Obviously when measuring AC noise and ripple on the DC outputs the cleaner (less recorded) means we have a better end result. We measured this AC signal amplitude to see how closely the unit complied with the ATX standard.

AC Ripple (mV p-p)
DC Load +3.3V +5V +12V 5VSB
110W 5 5 10 10
220W 5 10 20 10
340W 15 10 25 10
445W 20 15 30 15
550W 20 15 40 15

Noise suppression is good with the +3.3V and +5V rail peaking at 20mV and 15mV respectively. The +12V rail peaks at 40mV under full load conditions.

Efficiency (%)
110W
88.75
220W
89.88
340W
91.71
445W
90.88
550W
89.45

Efficiency is excellent, peaking at around 91.8% at 50% load. At full load, this drops to around 89.5%. Solid results.

We take the issue of noise very seriously at KitGuru and this is why we have built a special home brew system as a reference point when we test noise levels of various components. Why do this? Well this means we can eliminate secondary noise pollution in the test room and concentrate on components we are testing. It also brings us slightly closer to industry standards, such as DIN 45635.
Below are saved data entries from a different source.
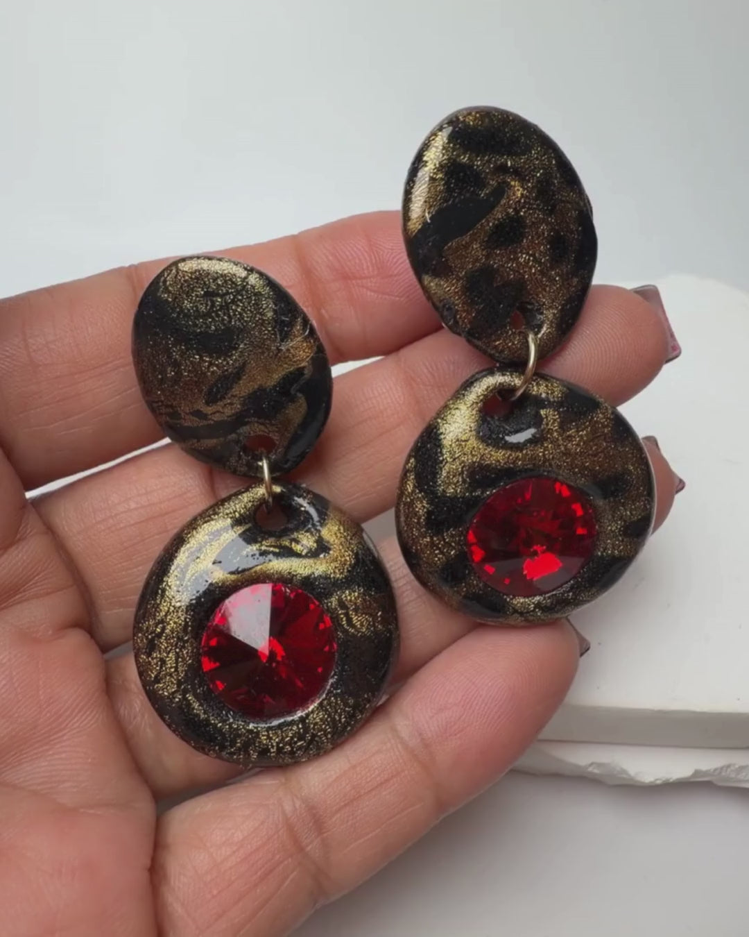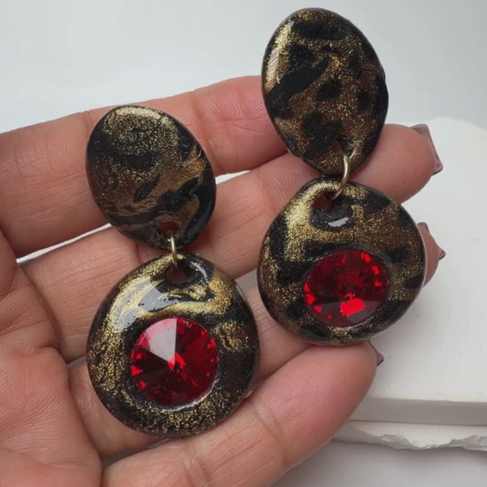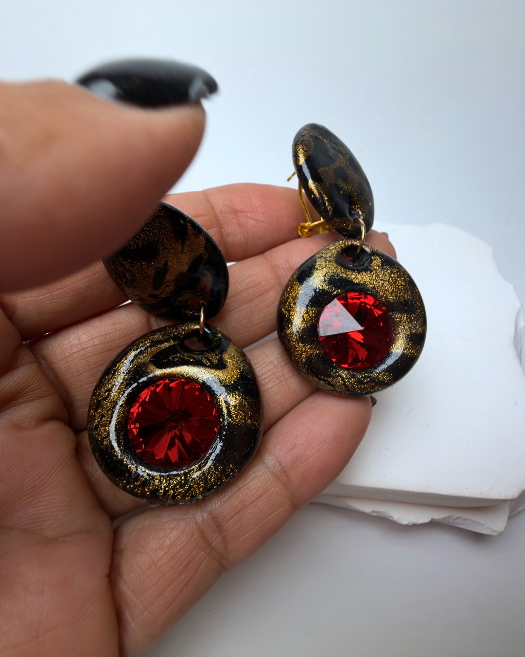 Ms. Paula Earring in gold leopard setting w/ red crystals, finer nail Post backs
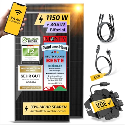 in PV-Anlagen und BalkonkraftwerkeSolakon 1150W Balkonkraftwerk 800W - Photovoltaik Komplettanlage 575W Solarmoduleupgradebarer Wechselrichter 1000W, 5m Kabel
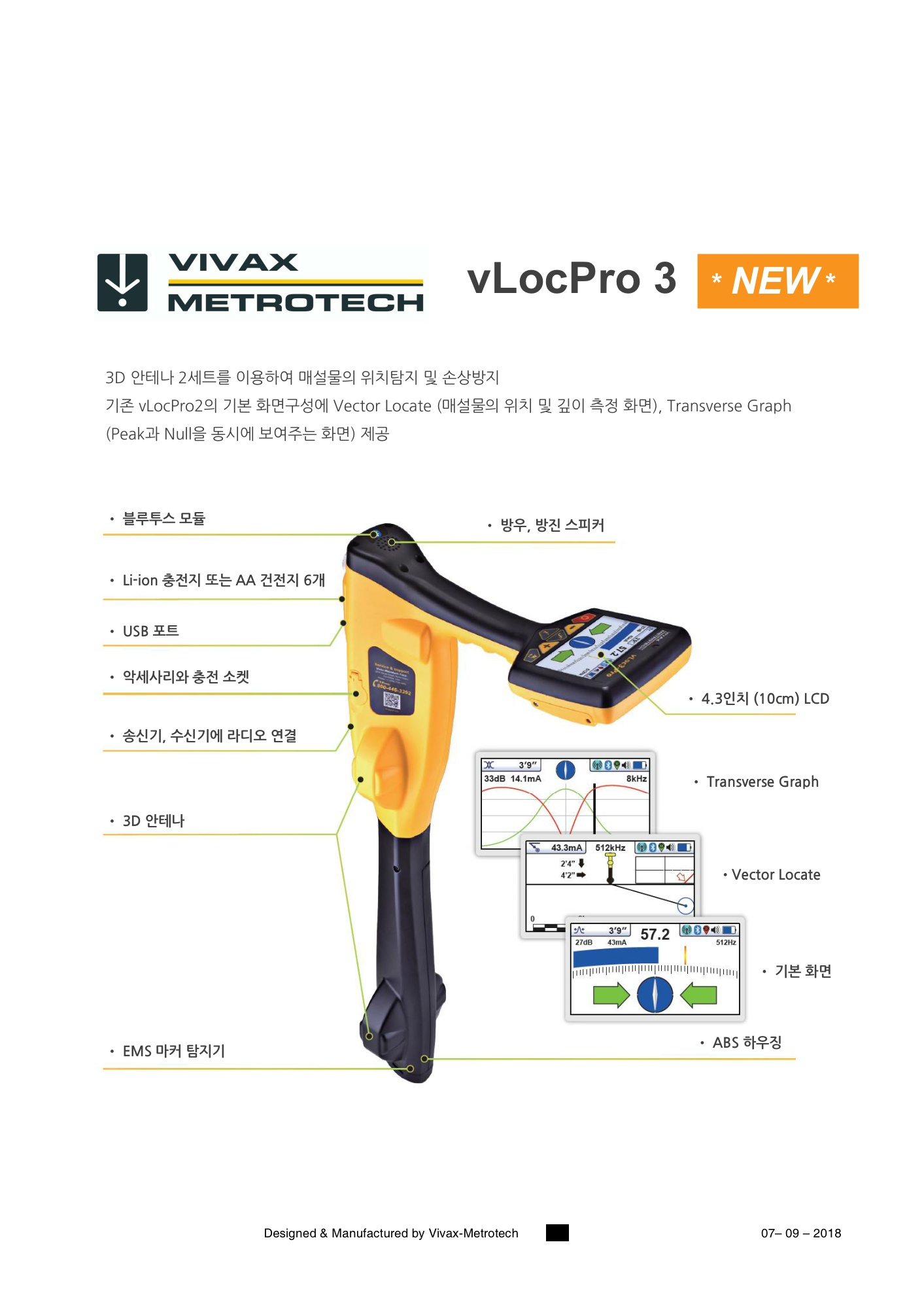기존 vLocPro의 기본 화면구성에 추가된 Vector Locate (매설물의 위치 및 깊이 측정 화면), Transverse Graph(Peak과 Null을 동시에 보여주는 화면)로 현장 분석이 더욱 용이해집니다.
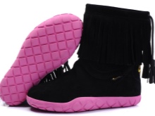 A fashionable nuance, in the form of a velvety-suede edging above the sole, gives the general appearance of the boots a special luxury sports style. The material of the main surface of the model is usually patent leather or faux fur. Limited pink and leopard colors are found.

Today to test the Power Supply we have taken it into our acoustics room environment and have set our SkyTronic DSL 2 Digital Sound Level Meter (6-130dBa) one meter away from the unit. We have no other fans running so we can effectively measure just the noise from the unit itself. That said, measuring lower than 28dBa proves very difficult, unless in strict laboratory conditions.

As this can be a little confusing for people, here are various dBa ratings in with real world situations to help describe the various levels.

KitGuru noise guide
10dBA – Normal Breathing/Rustling Leaves
20-25dBA – Whisper
30dBA – High Quality Computer fan
40dBA – A Bubbling Brook, or a Refrigerator
50dBA – Normal Conversation
60dBA – Laughter
70dBA – Vacuum Cleaner or Hairdryer
80dBA – City Traffic or a Garbage Disposal
90dBA – Motorcycle or Lawnmower
100dBA – MP3 Player at maximum output
110dBA – Orchestra
120dBA – Front row rock concert/Jet Engine
130dBA – Threshold of Pain
140dBA – Military Jet takeoff/Gunshot (close range)
160dBA – Instant Perforation of eardrum

Noise (dBA)
110W
<28.0
220W
<28.0
340W
33.4
445W
36.4
550W 38.9

The small 80mm fan doesn’t have much work to do until around 350-400 watts is demanded from the unit. It starts to actively spin up at this point. Its certainly audible at around 450 watts load, and the fan quickly spins up to around 3,750 rpm (our own readings of the fan speeds) as load rises to 550 watts. You really wouldn’t want to be running this unit at 550 watts continuously however.

Using a slightly larger 92mm fan would have helped reduce noise levels, but we imagine SilverStone are reserving the larger, quieter fans for their higher cost units (SX500-G and SX650-G).

Temperature (c)
Intake
Exhaust
110W
36
39
220W
37
42
340W
41
47
445W
45
53
550W
47
59

The small fan has to work hard in the last 30 percent of total load, but the internal temperatures are actually pretty good.

Maximum load
Efficiency
630W
88.7

Pushing the power supply above its rated limits generates an efficiency level of 88.7%. This is not a viable ‘real world’ situation, but its interesting nonetheless.